Among the rationale for the changes to the examination protocol is the desire to move from a static balance-sheet examination to one focused more on the overall risk profile of the company. There is a national trend toward adopting a flexible regulatory scheme to oversee carriers based upon each company’s own unique business mix and operations, rather than relying solely on benchmarking to an inflexible set of financial ratios. This is illustrated not only by the changes to examination protocol but also in the changes to the Model Audit Rule adopted in 2006, the pending amendments to the Standard Valuation Law, and the proposed changes to the way life insurance reserves will be regulated that are being discussed in the context of principles-based reserves and corporate governance.
The Financial Condition Examiner’s Handbook, which is published and sold by the NAIC, outlines the types of questions that senior management should be prepared to answer, including but not limited to: descriptions of the "tone at the top" of the company, management philosophy and operating style and how those impact enterprise risk management, anticipated or proposed changed to the company operations, membership criteria for board members, board independence, and finally, management competence.
It is important that senior management, and company personnel who are responsible for interfacing with financial examination teams, be aware of these examination changes. Management must be responsive to examiner questions, must be able to discuss the company’s enterprise risk program if one exists, the future operational plans of the company, the interface between board, management, auditors and company personnel, and the corporate governance structure of the company in general.

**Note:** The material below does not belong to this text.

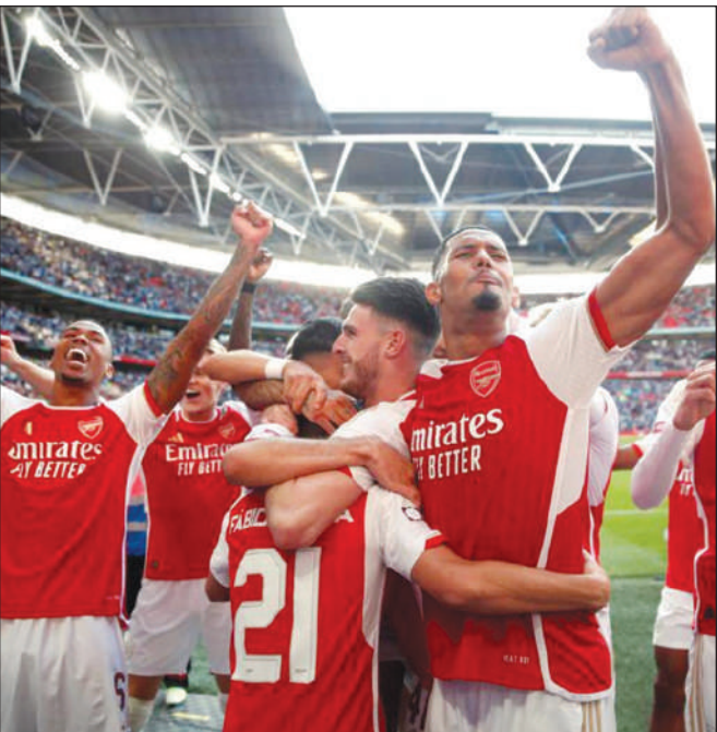
Mikel Arteta a reçu un coup dur lors de la victoire 4-3 d'Arsenal contre son rival de Premier League, Luton Town. Les célébrations de Mikel Arteta après le vainqueur tardif d'Arsenal à Luton Town mardi soir ont eu un coût.

Les Gunners se sont imposés dans un thriller dramatique de sept buts à Kenilworth Road lorsque la recrue est-ivale Declan Rice a dirigé un vainqueur à la 97e minute pour finalement briser la résistance de leurs hôtes et remporter les trois points pour son équipe. Le but a déclenché de folles célébrations parmi le soutien itinérant et ces scènes ont été identiques sur la ligne de touche alors qu'Arteta et son équipe d'entraîneurs ont naturellement affiché leur exaltation face à ce qui pourrait être une grande victoire dans leur quête du titre de Premier League.

The National Association of Insurance Commissioners is in the process of training financial examiners in the new risk-surveillance program. At present, the use of this new examination protocol is optional at state’s choice. Carriers should be aware that while some states will embrace the risk-surveillance paradigm completely, others will not, or will be further behind in their training and implementation than others. It is likely that over the course of the next few years carriers within a holding company system will have distinctly different examinations. Flexibility – and preparation – will be the key to ensuring that the results of those examinations are successful, and it is critical that all those involved in the examination process be aware of the upcoming changes to the protocols.